Synchronously check all `transactions` to have non-zero length
As part of newPayload block hash verification, the transactionsRoot is computed by the EL. Because Merkle-Patricia Tries cannot contain [] entries, MPT implementations typically treat setting a key to [] as deleting the entry for the key. This means that if a CL receives a block with transactions containing one or more zero-length transactions, that such transactions will effectively be skipped when computing the transactionsRoot. Note that transactions are opaque to the CL and zero-length transactions are not filtered out before newPayload.
# https://eips.ethereum.org/EIPS/eip-2718
def compute_trie_root_from_indexed_data(data):
"""
Computes the root hash of `patriciaTrie(rlp(Index) => Data)` for a data array.
"""
t = HexaryTrie(db={})
for i, obj in enumerate(data):
k = encode(i, big_endian_int)
t.set(k, obj) # Implicitly skipped if `obj == b''` (invalid RLP)
return t.root_hash
In any case, the blockHash validation may still succeed, resulting in a potential SYNCING/ACCEPTED result to newPayload by spec.
Note, however, that there is an effective hash collision if a payload is modified by appending one or more zero-length transactions to the end of transactions list: In the trivial case, a block with zero transactions has the same transactionsRoot (and blockHash) as one of a block with one [] transaction (as that one is skipped).
This means that the same blockHash can refer to a valid block (without extra [] transactions added), but also can refer to an invalid block. Because forkchoiceUpdated refers to blocks by blockHash, outcome may be nondeterministic and implementation dependent. If forkchoiceUpdated deems the blockHash to refer to a VALID object (obtained from a src that does not have the extra [] transactions, e.g., devp2p), then this could result in honest attestations to a CL beacon block with invalid [] transactions in its ExecutionPayload, risking finalizing it.
The problem can be avoided by returning INVALID in newPayload if there are any zero-length transactions entries, preventing optimistic import of such blocks by the CL.
Since verify_and_notify_new_payload is an EL function rather than the CL, I don't think what is specified in the consensus-specs has to be exactly the same as what is done in the EL. I think we have this function here only to roughly show what is verified.
If this check is not relevant to the CL, I don't think we should include it in the spec since it will distract CL researchers.
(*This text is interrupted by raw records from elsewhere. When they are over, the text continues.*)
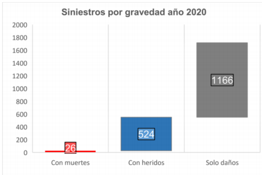
Gráfica 1. Siniestros por gravedad año 2020, Localidad Fontibón Elaborado por Seguridad vial-SDM.

Adicionalmente, el 68% de los siniestros viales corresponde a choques. Así mismo el 38% de las víctimas lesionadas son motociclistas y el 46% de las víctimas fatales son Motociclistas.
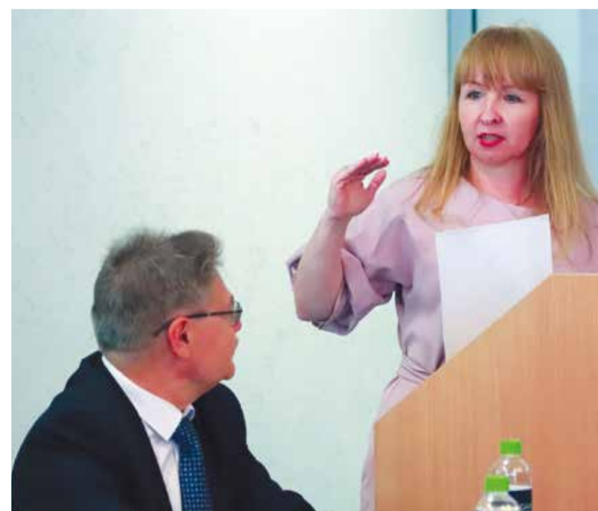
На литературном семинаре
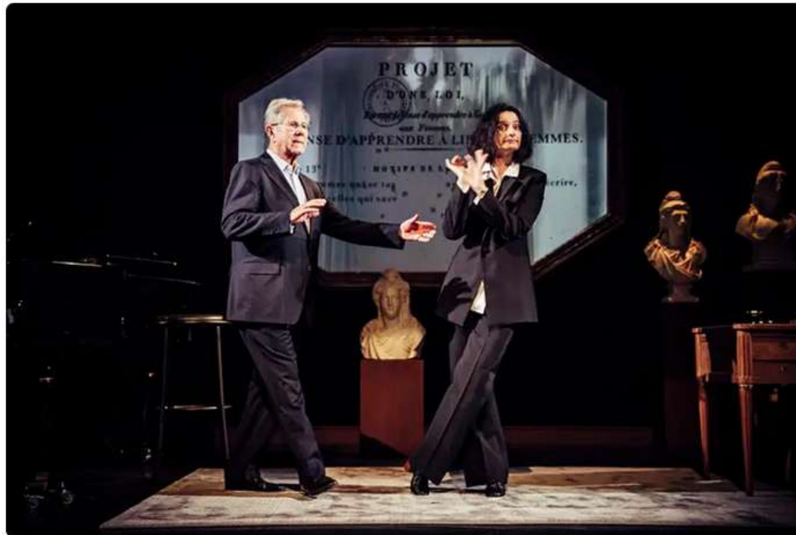
Ces femmes qui ont réveillé la France

À ne pas rater, l'exposition Regards pour l'histoire , autour de captations vidéo, de dessins de presse et de BD, consacrée au procès de Klaus Barbie.
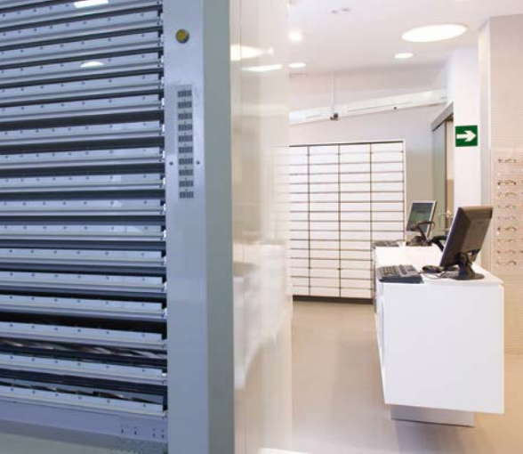
Parte posterior CONSIS

Do you think this check is relevant to the CL?
I feel that this issue is related to MPT and it's very opaque to the CL and the CL researchers have to dig deeply why we need this check which I think they don't need to. What do you think?
verify_and_notify_new_payload represents all necessary checks that must be done at the bare minimum, even when the EL has not synced any state. The empty transaction check is one of them.
Note that certain CL implementations support syncing without a connected EL for maintenance use cases, and if engine_newPayload is skipped, then the CL itself has to perform these checks. It is very useful for such implementation to have an exhaustive list of checks that must be done, i.e., to have verify_and_notify_new_payload.
I've decided to push this to a later release. We need more folks to review this.
Had a meeting with @hwwhww and we agreed to merge this one & include it in the upcoming release.